Dr. Stephen Harrison, principal investigator of MAESTRO-NASH, stated: "This is the first time we have demonstrated that a drug can improve the underlying liver histology in MASH patients with significant fibrosis, addressing both the inflammatory and fibrotic components of the disease."
Safety data from the trial showed the most common adverse events were diarrhea (27% vs. 18% placebo) and nausea (13% vs. 8% placebo), with most gastrointestinal symptoms resolving within the first 4 weeks of treatment. The FDA label carries a warning about potential drug interactions with statins, as resmetirom increases LDL receptor expression and can amplify statin effects on LDL cholesterol reduction.
Telehealth Access in Nebraska
Nebraska permits telehealth prescribing of Rezdiffra. Patients anywhere in the state can receive a resmetirom prescription through a video or audio visit with a licensed prescriber, provided the clinician establishes an appropriate patient-provider relationship and documents the MASH diagnosis with supporting evidence.

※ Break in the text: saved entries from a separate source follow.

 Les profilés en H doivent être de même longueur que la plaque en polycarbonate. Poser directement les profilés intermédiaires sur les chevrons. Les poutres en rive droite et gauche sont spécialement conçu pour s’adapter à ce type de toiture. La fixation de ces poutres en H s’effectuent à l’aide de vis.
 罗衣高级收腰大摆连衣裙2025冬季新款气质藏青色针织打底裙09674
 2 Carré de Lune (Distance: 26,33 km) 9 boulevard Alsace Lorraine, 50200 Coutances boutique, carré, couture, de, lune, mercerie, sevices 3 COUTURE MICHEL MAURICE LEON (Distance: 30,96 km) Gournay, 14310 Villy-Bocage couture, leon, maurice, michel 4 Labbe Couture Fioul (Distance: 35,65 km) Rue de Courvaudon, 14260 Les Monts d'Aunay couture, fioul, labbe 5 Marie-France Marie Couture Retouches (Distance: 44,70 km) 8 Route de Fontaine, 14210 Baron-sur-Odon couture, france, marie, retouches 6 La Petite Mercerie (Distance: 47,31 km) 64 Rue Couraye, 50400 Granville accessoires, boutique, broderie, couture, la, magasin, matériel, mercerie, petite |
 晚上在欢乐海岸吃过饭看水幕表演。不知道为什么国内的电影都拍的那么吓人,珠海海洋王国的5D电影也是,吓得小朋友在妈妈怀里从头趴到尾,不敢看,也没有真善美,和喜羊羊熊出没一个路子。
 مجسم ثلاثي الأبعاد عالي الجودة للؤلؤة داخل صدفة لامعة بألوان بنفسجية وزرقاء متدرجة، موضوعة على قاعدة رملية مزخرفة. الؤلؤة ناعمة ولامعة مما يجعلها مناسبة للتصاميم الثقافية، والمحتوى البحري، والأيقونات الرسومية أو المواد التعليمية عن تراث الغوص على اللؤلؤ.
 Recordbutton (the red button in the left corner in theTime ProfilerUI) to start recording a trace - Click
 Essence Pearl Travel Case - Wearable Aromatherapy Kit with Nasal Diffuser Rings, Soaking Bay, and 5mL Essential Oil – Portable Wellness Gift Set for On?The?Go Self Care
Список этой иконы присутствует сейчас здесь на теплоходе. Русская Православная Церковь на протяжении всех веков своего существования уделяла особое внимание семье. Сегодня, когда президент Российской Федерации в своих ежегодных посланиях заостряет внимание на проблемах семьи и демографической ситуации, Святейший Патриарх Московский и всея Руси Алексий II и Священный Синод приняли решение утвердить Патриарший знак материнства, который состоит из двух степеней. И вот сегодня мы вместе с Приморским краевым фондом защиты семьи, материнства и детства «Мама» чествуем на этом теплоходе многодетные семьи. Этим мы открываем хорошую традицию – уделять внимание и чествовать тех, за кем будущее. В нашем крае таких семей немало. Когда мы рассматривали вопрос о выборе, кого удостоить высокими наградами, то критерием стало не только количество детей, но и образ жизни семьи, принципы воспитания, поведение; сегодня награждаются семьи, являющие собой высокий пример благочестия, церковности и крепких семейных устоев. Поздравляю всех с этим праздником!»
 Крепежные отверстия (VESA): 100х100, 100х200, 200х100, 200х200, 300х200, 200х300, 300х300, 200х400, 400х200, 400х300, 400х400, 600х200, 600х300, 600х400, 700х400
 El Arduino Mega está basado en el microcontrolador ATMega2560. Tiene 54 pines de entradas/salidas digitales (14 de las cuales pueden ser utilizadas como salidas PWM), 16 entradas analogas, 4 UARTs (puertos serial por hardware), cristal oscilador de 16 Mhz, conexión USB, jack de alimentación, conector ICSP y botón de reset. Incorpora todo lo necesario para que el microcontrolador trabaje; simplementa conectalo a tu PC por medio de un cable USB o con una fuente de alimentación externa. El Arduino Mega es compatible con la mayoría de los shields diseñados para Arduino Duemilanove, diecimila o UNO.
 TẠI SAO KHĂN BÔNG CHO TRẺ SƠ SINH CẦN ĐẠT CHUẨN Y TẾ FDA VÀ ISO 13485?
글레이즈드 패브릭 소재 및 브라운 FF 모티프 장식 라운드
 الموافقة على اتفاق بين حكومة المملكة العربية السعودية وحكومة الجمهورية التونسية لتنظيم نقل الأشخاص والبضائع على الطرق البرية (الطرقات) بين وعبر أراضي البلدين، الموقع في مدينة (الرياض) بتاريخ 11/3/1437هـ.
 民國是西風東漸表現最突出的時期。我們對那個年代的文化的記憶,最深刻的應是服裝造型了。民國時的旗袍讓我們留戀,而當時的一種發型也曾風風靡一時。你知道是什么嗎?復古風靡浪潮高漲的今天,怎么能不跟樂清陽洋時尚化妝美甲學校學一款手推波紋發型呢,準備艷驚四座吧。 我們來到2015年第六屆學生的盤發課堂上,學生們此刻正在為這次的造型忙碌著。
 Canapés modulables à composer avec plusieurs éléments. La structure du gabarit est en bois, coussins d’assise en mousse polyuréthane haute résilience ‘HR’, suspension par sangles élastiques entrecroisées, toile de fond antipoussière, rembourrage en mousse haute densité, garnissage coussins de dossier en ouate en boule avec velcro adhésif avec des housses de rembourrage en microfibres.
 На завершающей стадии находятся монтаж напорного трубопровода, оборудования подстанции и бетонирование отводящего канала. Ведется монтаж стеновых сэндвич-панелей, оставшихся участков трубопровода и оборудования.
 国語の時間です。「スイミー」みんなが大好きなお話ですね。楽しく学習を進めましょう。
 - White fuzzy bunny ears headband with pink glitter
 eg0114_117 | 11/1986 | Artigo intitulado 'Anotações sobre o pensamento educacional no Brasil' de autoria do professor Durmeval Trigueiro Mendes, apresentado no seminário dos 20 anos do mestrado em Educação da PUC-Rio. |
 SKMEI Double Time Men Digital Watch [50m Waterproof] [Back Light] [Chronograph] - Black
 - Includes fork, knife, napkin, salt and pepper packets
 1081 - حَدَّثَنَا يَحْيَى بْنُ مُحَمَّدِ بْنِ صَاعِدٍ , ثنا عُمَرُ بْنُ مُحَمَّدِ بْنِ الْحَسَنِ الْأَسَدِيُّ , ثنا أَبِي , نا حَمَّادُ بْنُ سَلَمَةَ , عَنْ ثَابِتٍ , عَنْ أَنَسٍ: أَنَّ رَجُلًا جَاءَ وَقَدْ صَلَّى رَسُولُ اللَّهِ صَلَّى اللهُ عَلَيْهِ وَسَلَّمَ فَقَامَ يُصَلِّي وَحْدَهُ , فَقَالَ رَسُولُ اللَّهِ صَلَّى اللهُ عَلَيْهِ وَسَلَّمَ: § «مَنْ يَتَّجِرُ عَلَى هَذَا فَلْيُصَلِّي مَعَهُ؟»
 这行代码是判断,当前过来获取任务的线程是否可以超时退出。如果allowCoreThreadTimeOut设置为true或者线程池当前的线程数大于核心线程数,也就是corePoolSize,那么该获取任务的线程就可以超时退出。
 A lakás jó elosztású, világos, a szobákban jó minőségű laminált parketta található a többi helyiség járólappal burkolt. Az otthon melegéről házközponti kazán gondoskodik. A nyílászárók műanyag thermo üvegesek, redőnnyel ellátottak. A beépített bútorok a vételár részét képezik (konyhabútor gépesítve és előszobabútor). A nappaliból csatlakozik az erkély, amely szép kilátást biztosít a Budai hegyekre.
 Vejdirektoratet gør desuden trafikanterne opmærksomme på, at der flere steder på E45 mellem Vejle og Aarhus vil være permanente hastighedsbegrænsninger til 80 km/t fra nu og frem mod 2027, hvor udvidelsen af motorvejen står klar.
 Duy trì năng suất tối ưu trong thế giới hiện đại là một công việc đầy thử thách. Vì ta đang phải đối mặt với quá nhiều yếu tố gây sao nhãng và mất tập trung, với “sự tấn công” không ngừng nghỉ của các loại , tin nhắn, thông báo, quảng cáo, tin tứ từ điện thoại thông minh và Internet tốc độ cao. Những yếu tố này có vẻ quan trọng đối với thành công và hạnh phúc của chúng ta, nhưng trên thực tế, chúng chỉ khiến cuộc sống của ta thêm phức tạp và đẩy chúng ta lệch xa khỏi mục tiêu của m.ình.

Nebraska's Telehealth Act (LB 400, updated 2024) requires that the prescribing provider hold an active Nebraska medical license or participate in an interstate compact that covers Nebraska 8. The initial evaluation for MASH typically requires laboratory work (ALT, AST, metabolic panel, lipid panel) and imaging (FibroScan or MRI), which patients complete locally before the telehealth visit. Follow-up monitoring at 3 and 6 months, including repeat liver function tests and assessment of gastrointestinal tolerability, can also occur via telehealth.
For Nebraska patients in rural counties without nearby hepatologists or gastroenterologists, telehealth removes a significant access barrier. The state has 93 counties, and many lack specialty liver disease clinics. Patients in the Panhandle, Sandhills, or southwest Nebraska who previously faced 3- to 4-hour drives for hepatology appointments can now access evaluation and ongoing management remotely. The prescription itself routes to any pharmacy licensed to dispense in Nebraska, including specialty mail-order pharmacies that deliver statewide.
How to Reduce Your Rezdiffra Cost in Nebraska
Multiple strategies exist for lowering out-of-pocket resmetirom costs, and most Nebraska patients should layer them.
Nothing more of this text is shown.